小学校の教科書にも掲載された名文章だけれど最初に読んだ時、店先で嗚咽しそうなほど込み上げてくるものがあり、本当に涙を抑えるのが大変だった。
それだけ元気をくれるし感動するし、何よりも優しく語りかけてくる。
「人間は自分で生きているのではなく、大きな存在によって生かされている。」
いつしか自分への傲慢が他人を見下すことになっていないだろうか。
私たちは自分の中に思い上がったものを持っていやしないだろうか。
自己を確立し「たのもしさ」を備えた人間になるということはどういうことなのか。
「思いやり」「優しさ」「いたわり」とはどういうことなのか。
懸命に考え抜いて、自己満足で終わってはいけないのだと自分で軌道修正していく。
いくら外だけこぎれいにしていても、内側が汚ければ、化けの皮ははがれてしまうものだ。
文末にはこう書かれている。
「私は、君たちの心の中の最も美しいものを見続けながら、以上のことを書いた。」
人間が最も持ちえる美しいものとは何だろう。
中には「洪庵のたいまつ」という話もある。
その冒頭の一文だ。
「世のためにつくした人の一生ほど、美しいものはない。

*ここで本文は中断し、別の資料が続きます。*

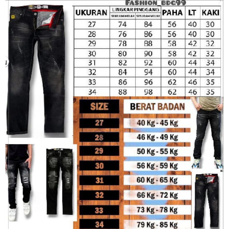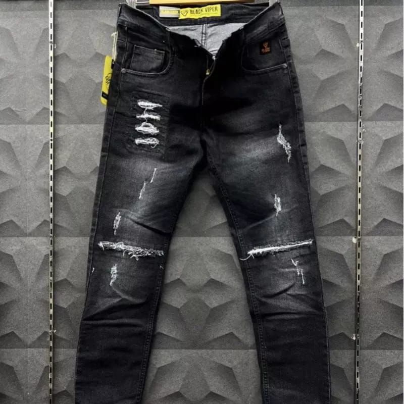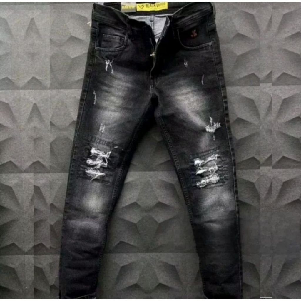 Jeans Slimfit Biker's RB77™ Series Ripped Black Hold, Celana Jeans Pria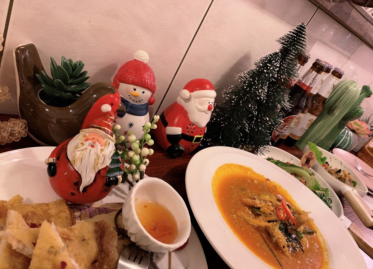 老闆待客極為親切及用心,除了擺盤之外,餐具和裝潢擺設也很應景,充滿溫暖的聖誕氛圍。 餐點當然一樣好吃得無話說,無論是打拋豬、香茅花枝或是帕泰都非常道地,是個愉悅的用餐體驗。 建議可事先訂位及預訂餐點,會有更多美味的選擇。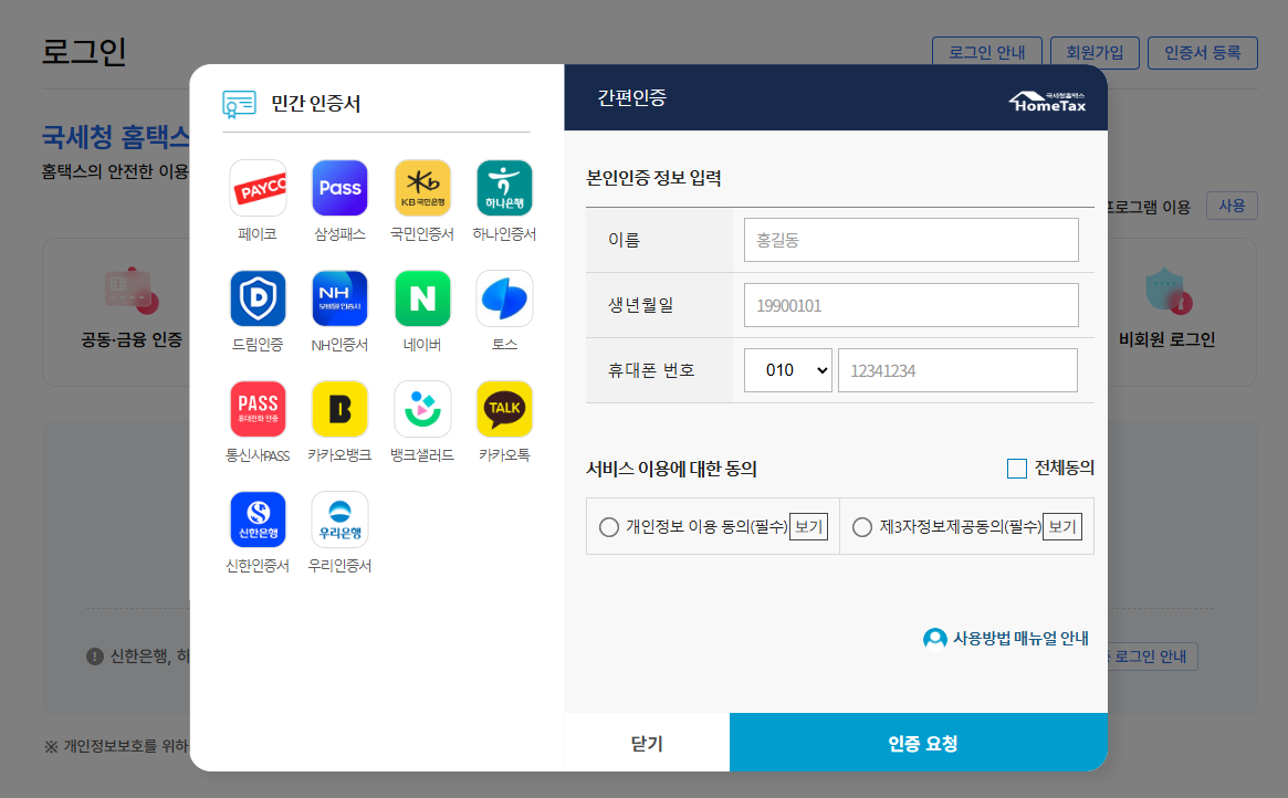 - 공동인증서 또는 민간인증서 (카카오, PASS 등)
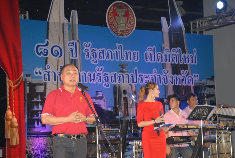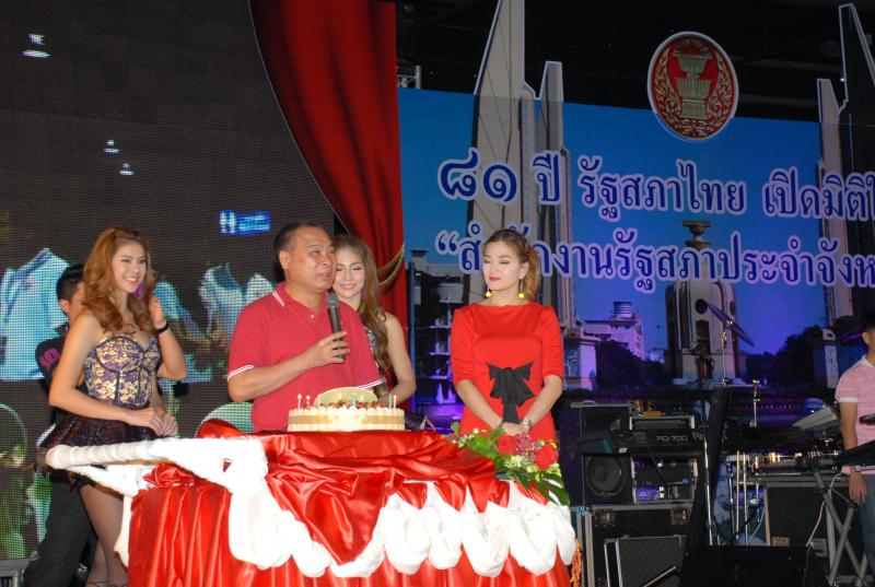 นายสมศักดิ์ เกียรติสุรนนท์ ประธานรัฐสภา และประธานสภาผู้แทนราษฎร เป็นประธานงานเลี้ยงสังสรรค์ในพิธีเปิดงาน "๘๑ ปี รัฐสภาไทยเปิดมิติใหม่ สำนักงานรัฐสภาจังหวัด"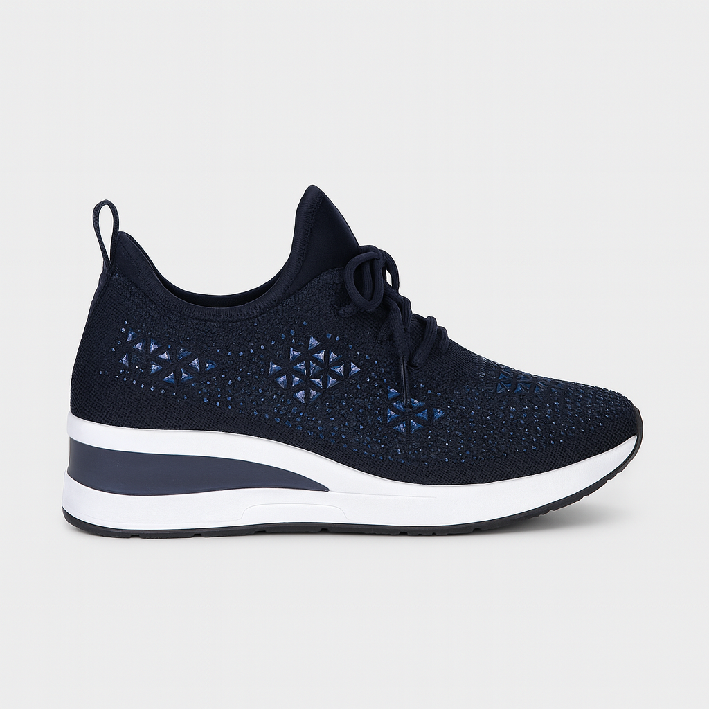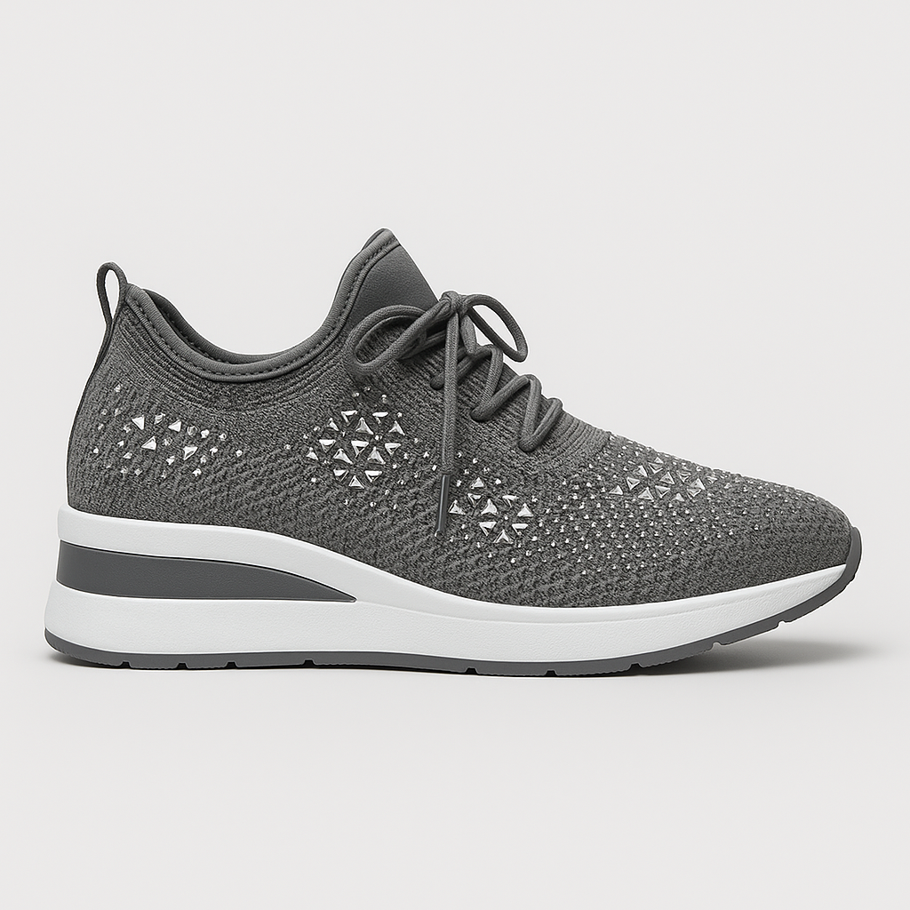 Giselle™ kombinerer ortopædisk støtte med et lyst, elegant udtryk. Den ergonomiske sål, svangstøtten og det åndbare overmateriale med strass giver langvarig komfort uden at gå på kompromis med stilen.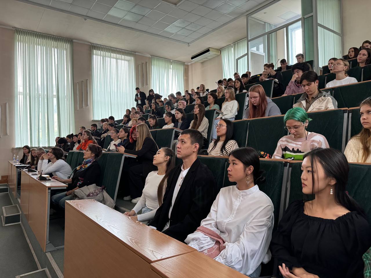 В конце мероприятия активным студентам раздали продукцию с символикой Российского союза молодежи.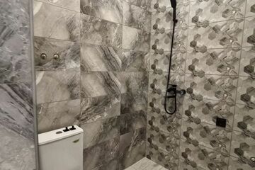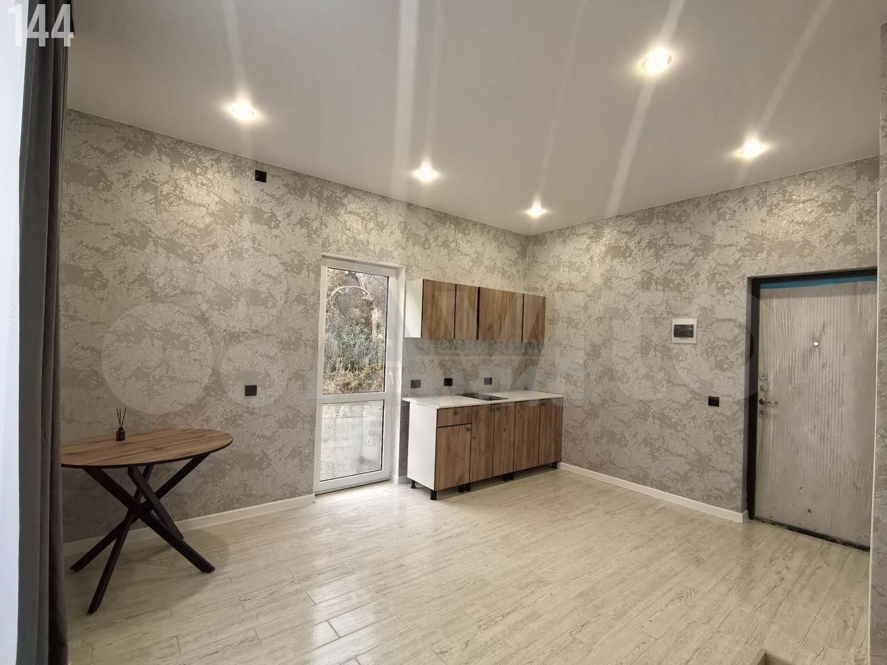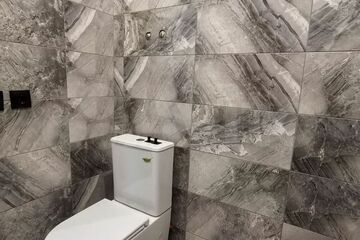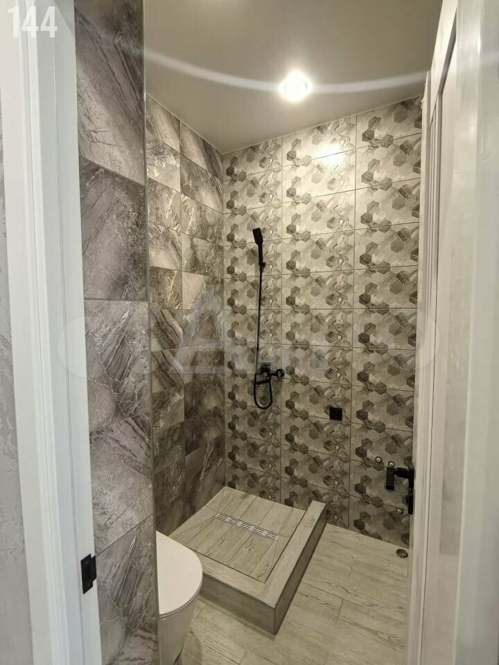 - Теплый, водяной пол, покрыт плиткой под ламинат. Натяжные потолки. Санузел плитка.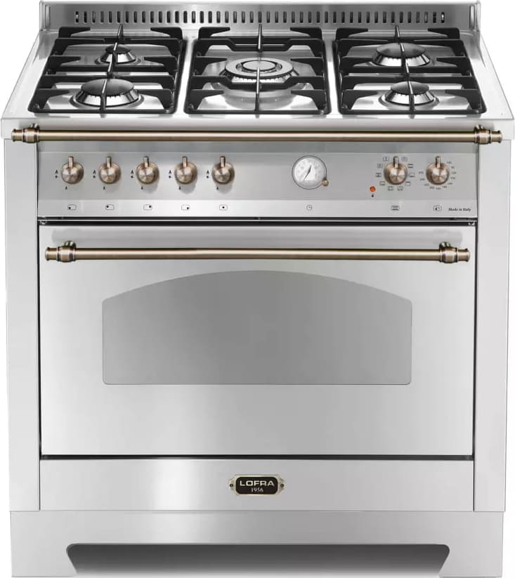 Варочный центр Lofra RSG96MFT/CI BRONZE — это изысканное сочетание итальянского дизайна, надёжной инженерии и высокой функциональности, созданное для тех, кто ценит элегантность и мощь на кухне. Модель работает в газо-электрическом формате: газовая варочная поверхность с пятью конфорками разной интенсивности обеспечивает мгновенный нагрев и точный контроль пламени, а вместительная электрическая духовка — равномерное распределение тепла для безупречного запекания, выпечки и гриля.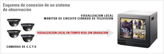 El sistema de C.C.T.V. más simple que podemos implementar se compone de una camara conectada a través de un cable o de manera inalámbrica a un monitor de C.C.T.V.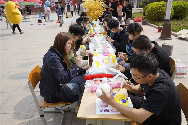 本网讯 为进一步丰富学生课余文化生活,加强沙河高教园区高校联盟各高校之间的文化交流建设,4月1日,由校团委主办、校学生会承办、各学院学生会和校级学生组织协办的以“2023青春游园会,奋楫再出发”为主题的游园会在沙河校区南广场举办,共1500余名师生参加了本次游园会。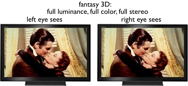 As you can see, it’s quite a list, though some of these flaws are being remedied. One wonders why so many companies have gotten on board with such a thing. Well, it offers much more opportunity for making money, for one thing, and they don’t have to modify their screens in any way other than increasing the refresh rate, for another —saving them precious R&D money. My personal opinion is this technology will remain on top until someone’s skunk works research team produces a viable alternative in the form of circular-polarized TV display filters that don’t affect the image too much.

」
自分に厳しく節制し、他人に優しくあり、よく助ける。
いやいや、それだけでは到底足りないだろう。
人は一生を通して自分なりの「たのもしさ」を作っていかなければいけないのだと改めて感じた。
きっと人々の「たのもしさ」の先に「よい日本」を司馬遼太郎は見ていたに違いないのだ。
「たのもしい人々」が作る「たのもしい日本」になることが、司馬遼太郎の願いを叶えることでもあると私は思っている。